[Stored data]
───

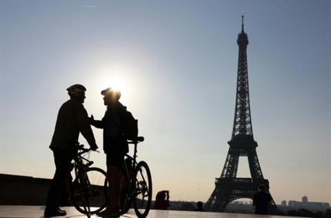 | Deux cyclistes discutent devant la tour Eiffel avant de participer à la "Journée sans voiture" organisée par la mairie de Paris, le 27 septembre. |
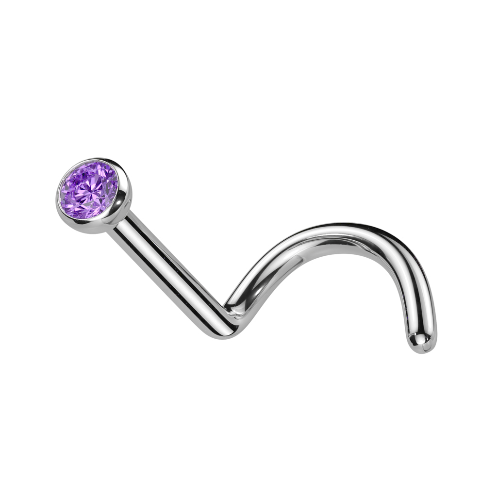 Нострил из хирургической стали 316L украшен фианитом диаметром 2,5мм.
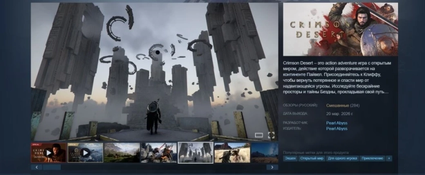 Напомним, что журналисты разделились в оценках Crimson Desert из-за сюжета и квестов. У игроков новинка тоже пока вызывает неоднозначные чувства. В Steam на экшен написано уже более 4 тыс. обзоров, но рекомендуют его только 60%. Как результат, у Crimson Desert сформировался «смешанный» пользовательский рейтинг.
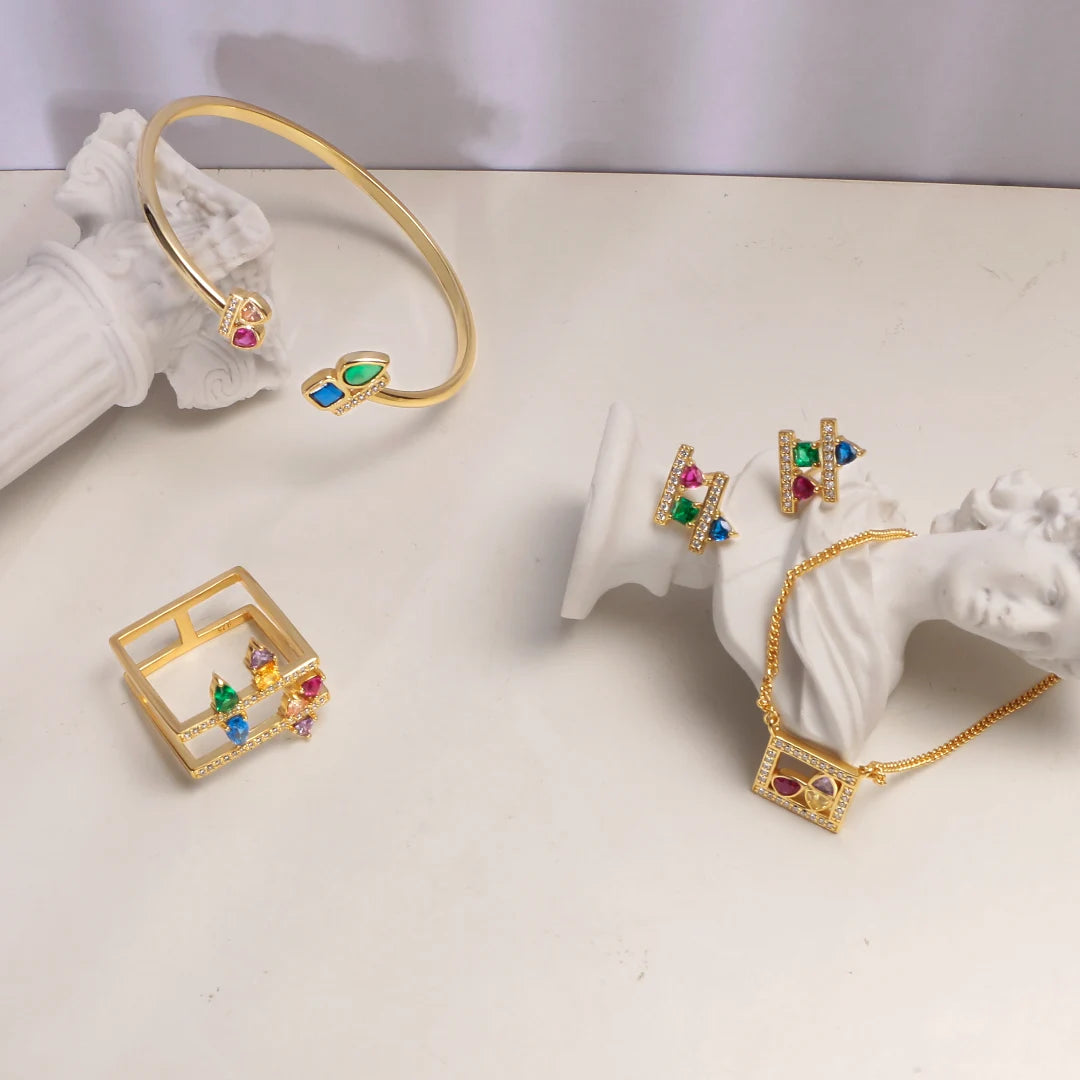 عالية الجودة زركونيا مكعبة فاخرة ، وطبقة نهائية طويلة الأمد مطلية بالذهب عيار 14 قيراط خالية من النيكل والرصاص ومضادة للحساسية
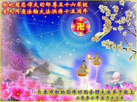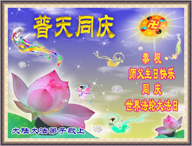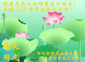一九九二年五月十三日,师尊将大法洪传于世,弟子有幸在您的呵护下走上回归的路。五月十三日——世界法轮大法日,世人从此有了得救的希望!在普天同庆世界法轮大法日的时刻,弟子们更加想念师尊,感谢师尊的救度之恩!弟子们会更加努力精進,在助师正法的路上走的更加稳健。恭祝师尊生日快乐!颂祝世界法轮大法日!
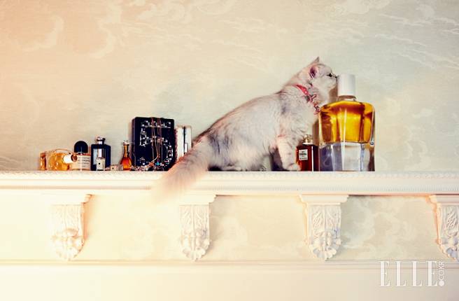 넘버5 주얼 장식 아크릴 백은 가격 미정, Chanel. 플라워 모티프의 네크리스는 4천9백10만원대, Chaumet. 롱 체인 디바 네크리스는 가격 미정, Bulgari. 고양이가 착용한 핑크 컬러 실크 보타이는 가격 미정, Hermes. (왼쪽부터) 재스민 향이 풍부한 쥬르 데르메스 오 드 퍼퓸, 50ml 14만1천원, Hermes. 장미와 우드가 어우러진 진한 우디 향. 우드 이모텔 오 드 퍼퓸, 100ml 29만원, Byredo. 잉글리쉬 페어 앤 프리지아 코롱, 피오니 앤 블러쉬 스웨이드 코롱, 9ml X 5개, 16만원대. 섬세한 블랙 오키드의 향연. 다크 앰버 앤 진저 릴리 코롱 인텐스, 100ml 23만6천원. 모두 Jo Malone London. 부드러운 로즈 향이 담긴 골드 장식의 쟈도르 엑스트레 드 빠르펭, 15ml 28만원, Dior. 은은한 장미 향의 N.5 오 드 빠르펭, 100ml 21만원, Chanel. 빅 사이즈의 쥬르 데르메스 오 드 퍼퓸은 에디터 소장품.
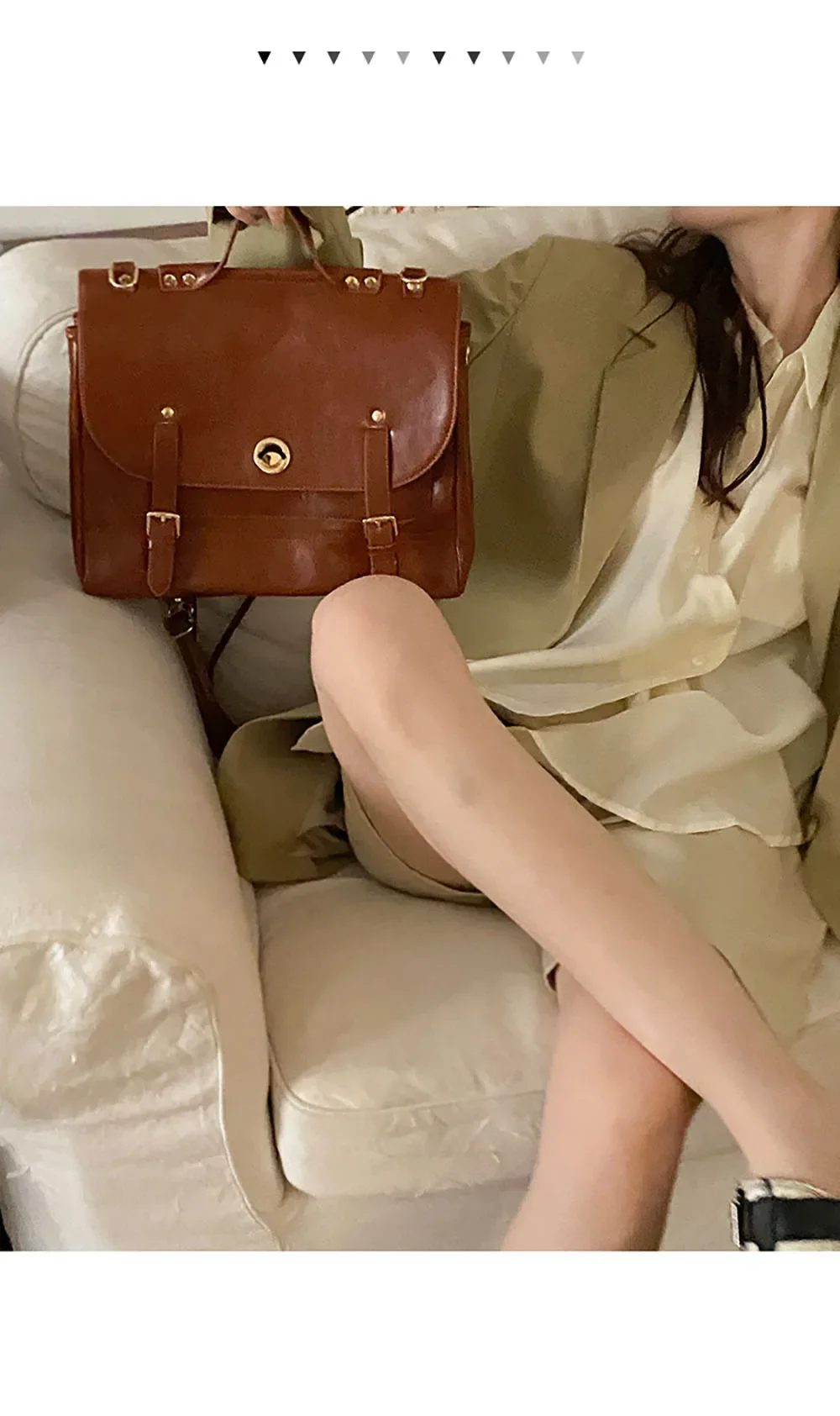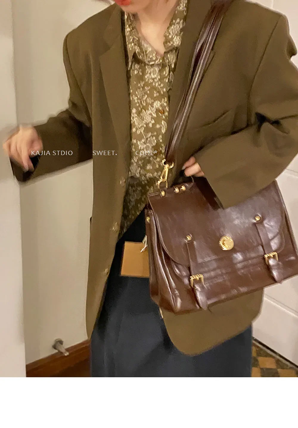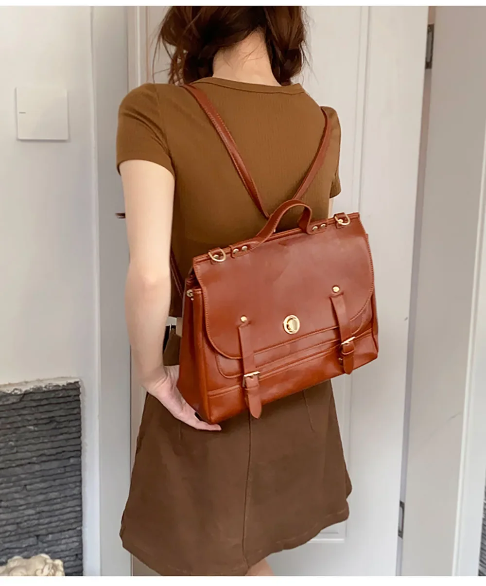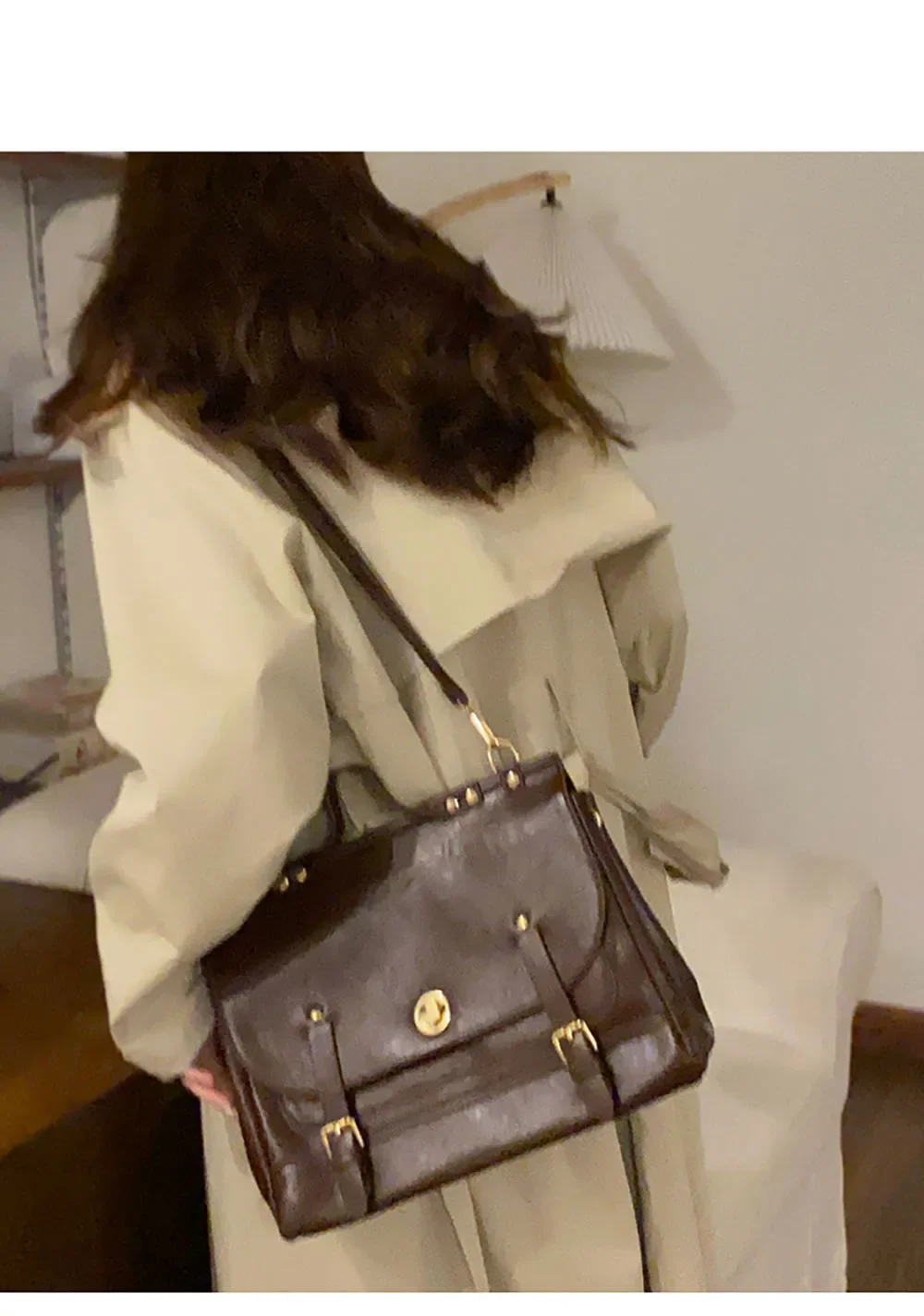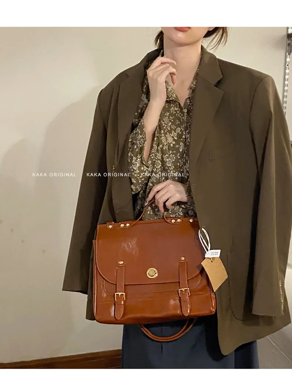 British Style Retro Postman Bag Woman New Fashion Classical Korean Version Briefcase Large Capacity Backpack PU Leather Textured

───

Each entry should be output word for word, with no pictures carried over.

Completed exercise>
 | Deux cyclistes discutent devant la tour Eiffel avant de participer à la "Journée sans voiture" organisée par la mairie de Paris, le 27 septembre. |
 Нострил из хирургической стали 316L украшен фианитом диаметром 2,5мм.
 Напомним, что журналисты разделились в оценках Crimson Desert из-за сюжета и квестов. У игроков новинка тоже пока вызывает неоднозначные чувства. В Steam на экшен написано уже более 4 тыс. обзоров, но рекомендуют его только 60%. Как результат, у Crimson Desert сформировался «смешанный» пользовательский рейтинг.
 عالية الجودة زركونيا مكعبة فاخرة ، وطبقة نهائية طويلة الأمد مطلية بالذهب عيار 14 قيراط خالية من النيكل والرصاص ومضادة للحساسية
一九九二年五月十三日,师尊将大法洪传于世,弟子有幸在您的呵护下走上回归的路。五月十三日——世界法轮大法日,世人从此有了得救的希望!在普天同庆世界法轮大法日的时刻,弟子们更加想念师尊,感谢师尊的救度之恩!弟子们会更加努力精進,在助师正法的路上走的更加稳健。恭祝师尊生日快乐!颂祝世界法轮大法日!
 넘버5 주얼 장식 아크릴 백은 가격 미정, Chanel. 플라워 모티프의 네크리스는 4천9백10만원대, Chaumet. 롱 체인 디바 네크리스는 가격 미정, Bulgari. 고양이가 착용한 핑크 컬러 실크 보타이는 가격 미정, Hermes. (왼쪽부터) 재스민 향이 풍부한 쥬르 데르메스 오 드 퍼퓸, 50ml 14만1천원, Hermes. 장미와 우드가 어우러진 진한 우디 향. 우드 이모텔 오 드 퍼퓸, 100ml 29만원, Byredo. 잉글리쉬 페어 앤 프리지아 코롱, 피오니 앤 블러쉬 스웨이드 코롱, 9ml X 5개, 16만원대. 섬세한 블랙 오키드의 향연. 다크 앰버 앤 진저 릴리 코롱 인텐스, 100ml 23만6천원. 모두 Jo Malone London. 부드러운 로즈 향이 담긴 골드 장식의 쟈도르 엑스트레 드 빠르펭, 15ml 28만원, Dior. 은은한 장미 향의 N.5 오 드 빠르펭, 100ml 21만원, Chanel. 빅 사이즈의 쥬르 데르메스 오 드 퍼퓸은 에디터 소장품.
 British Style Retro Postman Bag Woman New Fashion Classical Korean Version Briefcase Large Capacity Backpack PU Leather Textured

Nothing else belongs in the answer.